Осень третьего года войны была порой упадочных настроений. Как всегда, немалую роль в том играли события на фронте. Успехи первой половины лета забывались быстро; фронт опять застыл на месте, а в то же время шли бои, более кровавые, чем в 1915 г. Кампания 1916 г. обошлась русской армии в 2 миллиона человек – притом пленные в этой цифре составляли уже не 40 процентов, как при великом отступлении, а всего 10 процентов. С Западного фронта доходили вести о таких же тяжелых потерях, о таком же «топтании на месте».

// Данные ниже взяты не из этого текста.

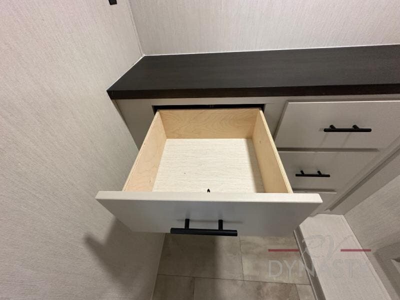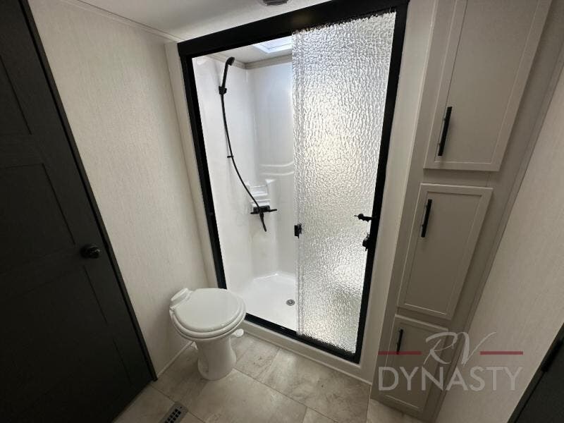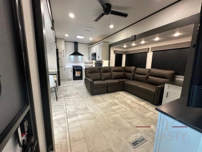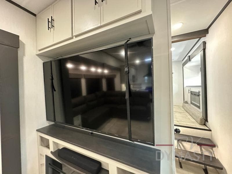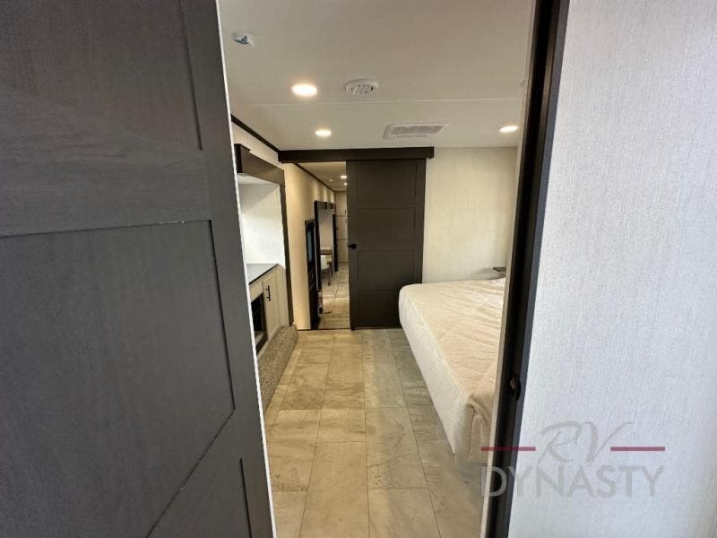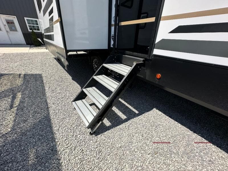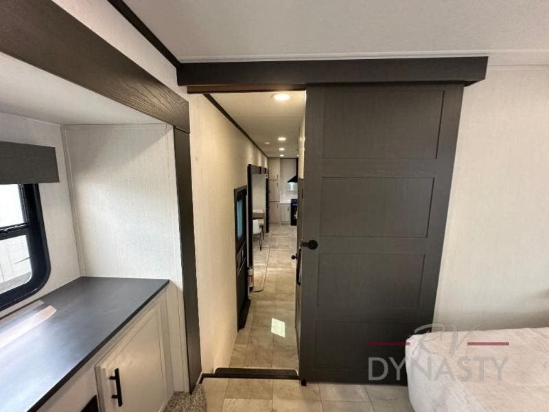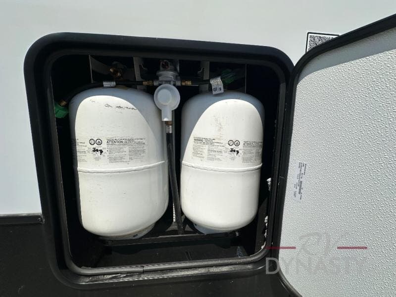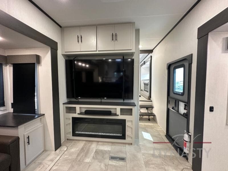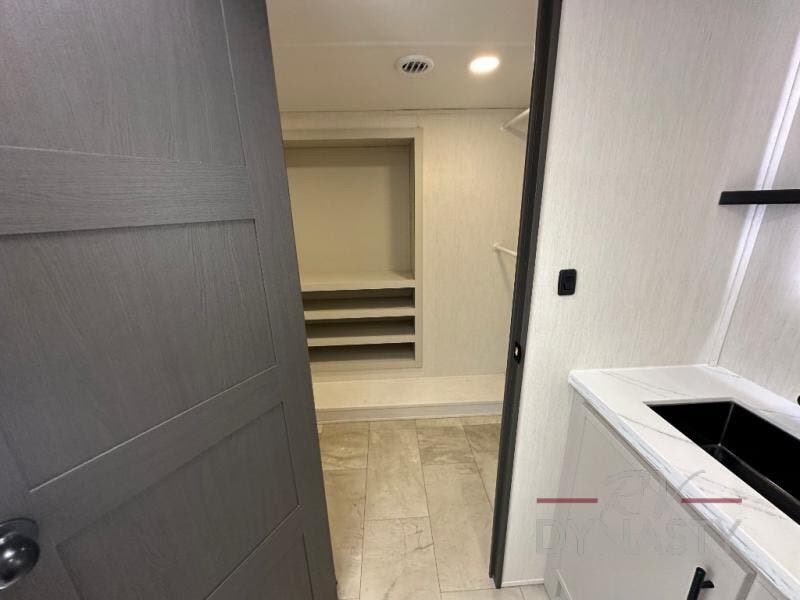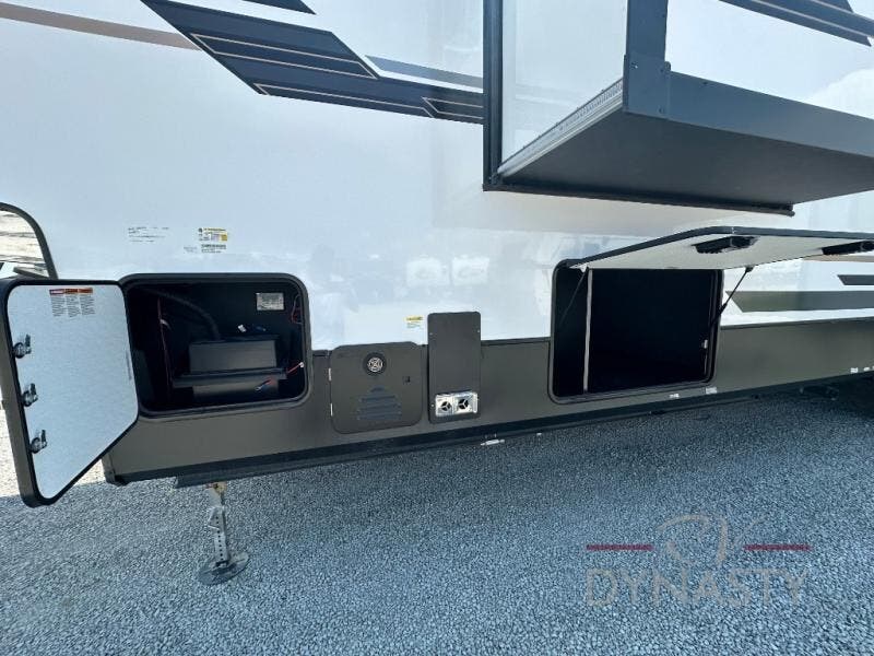 It will be so easy to enjoy extended stays or weekend trips in this spacious fifth wheel. You will love waking up in your private master bedroom that includes a king bed slide, bedroom wardrobe, and 40" TV. The front full bath includes dual bath sinks for added convenience and a large walk-in closet with clothes bars. If you have any guests stay over, they can sleep on the L-shaped easy glide sofa with a theater seat on one end. There is also a free-standing dinette with four chairs and a desk with a chair if you need to get some work done. The chef of your group will love the rear kitchen with a u-shaped counter, two kitchen pantries, and a 16 cu. ft. refrigerator for food storage. This model also includes a mid-coach half bath with washer and dryer prep if you choose to add those appliances!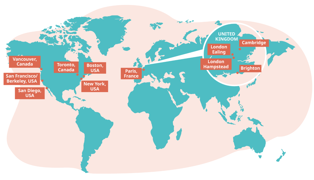 สหราชอณาจักร (United Kingdom) เมือง Brighton เมือง Cambridge เมือง London มี 3 สาขา คือ Central London, Ealing, Hampstead
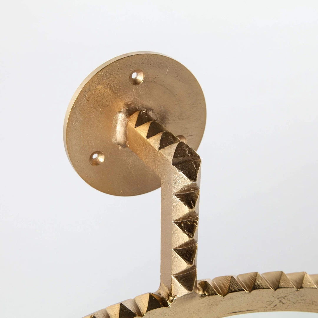 Cast aluminum feels “carved” and is finished in aged gold to artfully frame a round mirror. Perfectly sized for bathroom or living room spaces.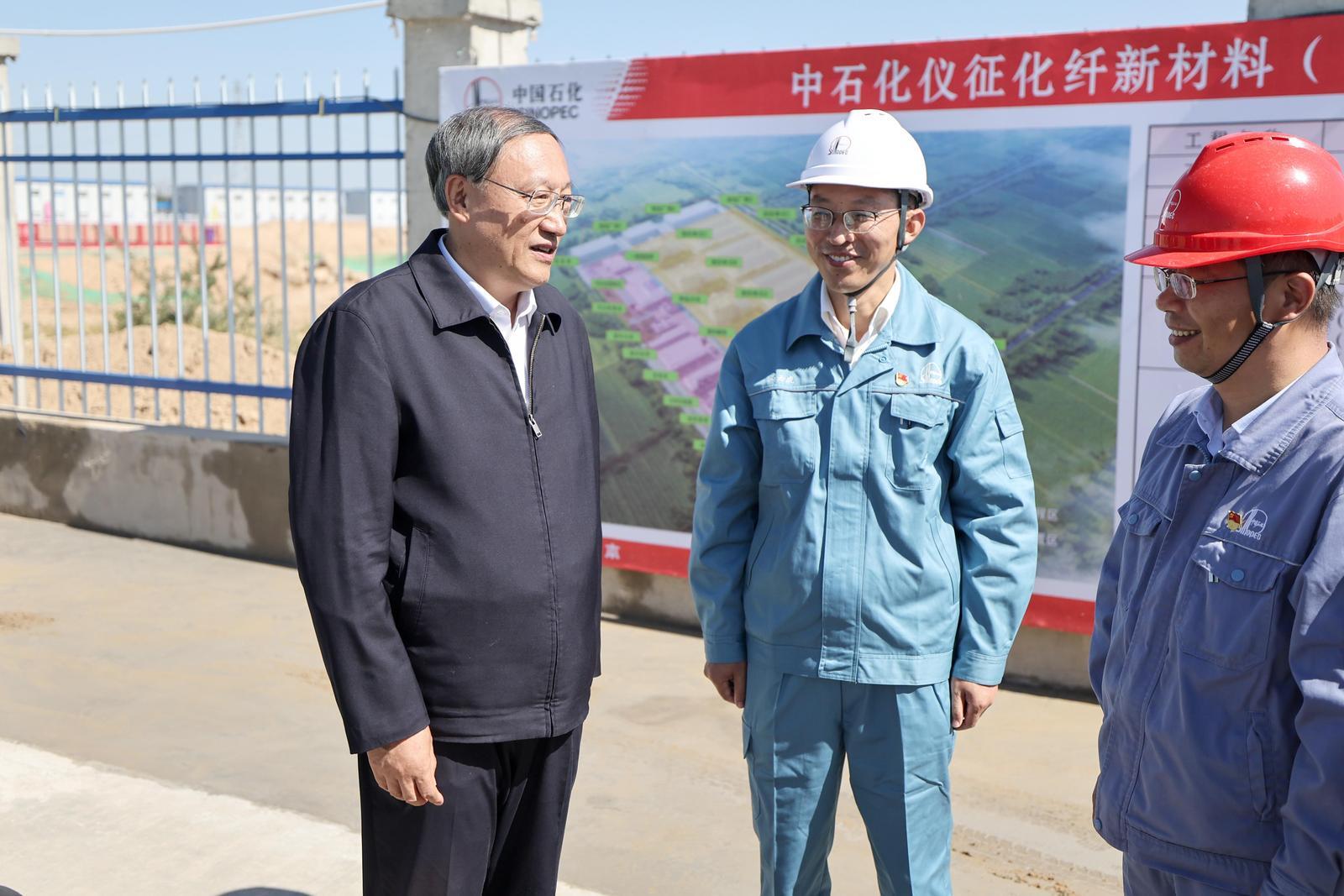 李邑飛在中石化儀征化纖項(xiàng)目現(xiàn)場,調(diào)研項(xiàng)目建設(shè)情況。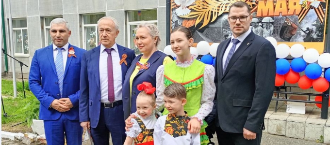 Вячеслав Погудин поздравил присутствующих на ступающим праздником, вручил подарок от партии «Единая Россия» ветерану Великой Отечественной войны Александру Васильевичу Федину.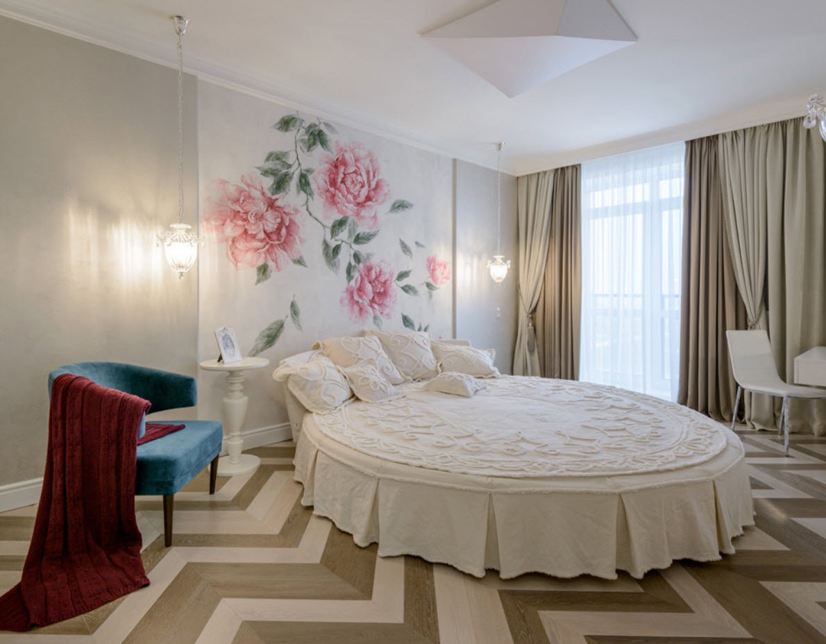 Per rendere favorevole l'atmosfera nella camera da letto, vale la pena usare oggetti con angoli arrotondati per decorarla.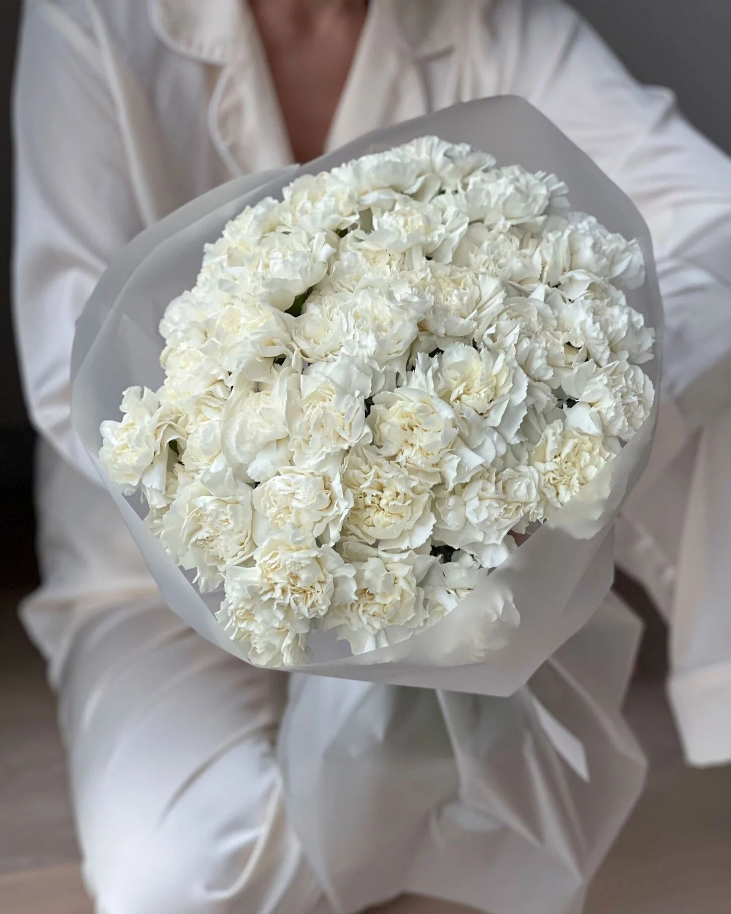 Состав: Диантус White - 35 шт, Матовая пленка белая кругом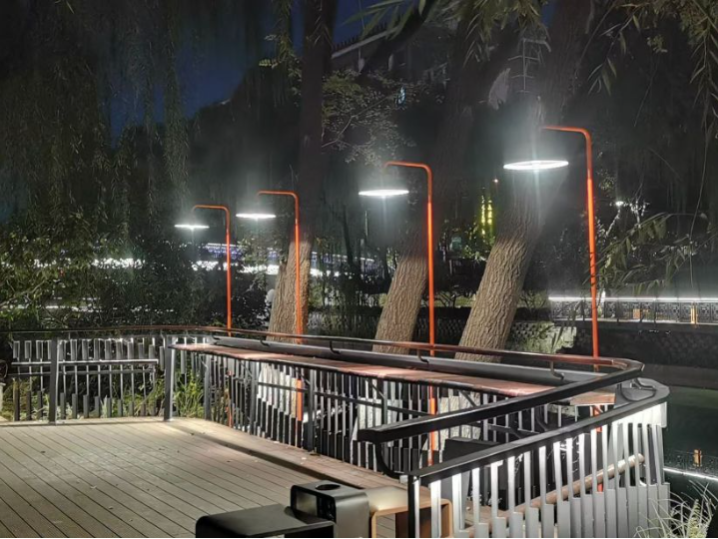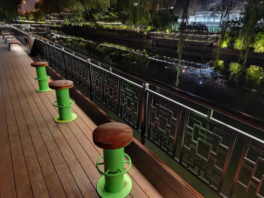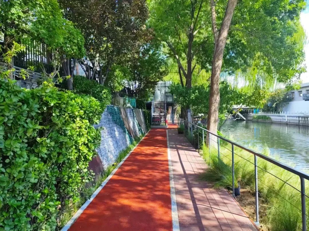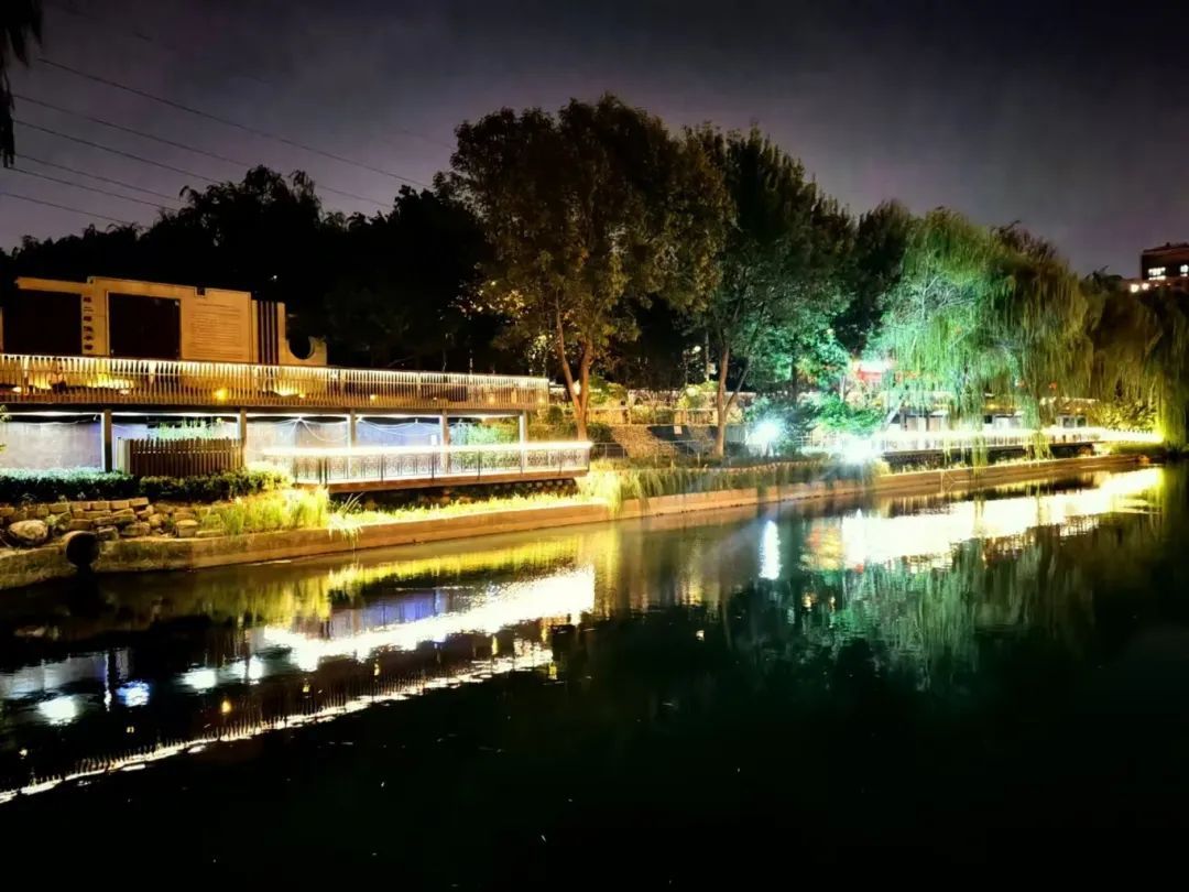 改造后的河道南北两岸共增加了约900米木栈道,在沿滨水步道局部有条件的区域增设滨水看台,栽植了菖蒲、蒲苇、千屈菜、细叶芒和月季等多种绿色花卉,并结合现状增设夜景照明安置路灯,构建滨水慢行系统,营造出绿色生态的公共空间,激发区域全新的城市活力,为市民提供了一个休憩望水的好去处。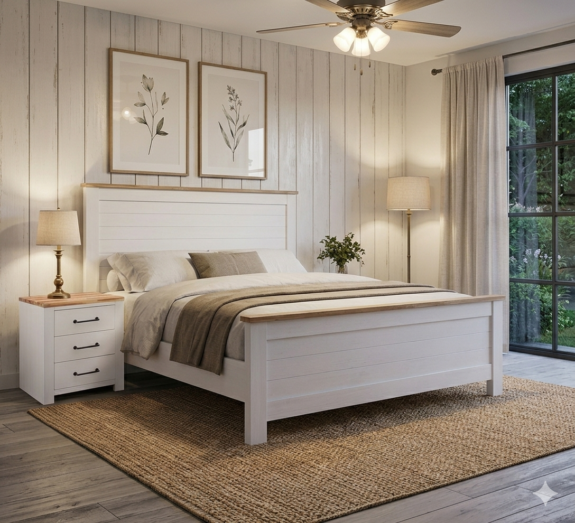 清潔感あふれるホワイトのフレームに、あたたかみのある天然木のアクセントを添えました。まるで高級リゾートのヴィラにいるような、開放的で落ち着いた寝室を演出します。 お気に入りのリネンを重ねて、自分だけの特別な空間を完成させてください。

Казалось, что войне не будет конца; что Германия окончательно справилась с продовольственными затруднениями, на которые так надеялись весной 1915 г. В рабочей, в студенческой, в полуинтеллигентской среде все более распространялось циммервальдское воззрение: это – империалистическая война, ее надо прекратить. Появилась новая формула «оборончества», позволявшая сочетать недавние патриотические настроения с Циммервальдом: да, мы готовы защищать родину, но мы не хотим завоеваний, мы – за мир «без аннексий и контрибуций», поэтому мы – против власти, которая затягивает войну ради империалистических целей. В различных оттенках это настроение захватывало и левые думские фракции: трудовиков (Керенского), социал-демократов (Чхеидзе) и рабочую группу Военно-промышленного комитета. Газета «День», журналы «Русское богатство», «Летопись», «Северные записки» и т. д. отражали те же настроения.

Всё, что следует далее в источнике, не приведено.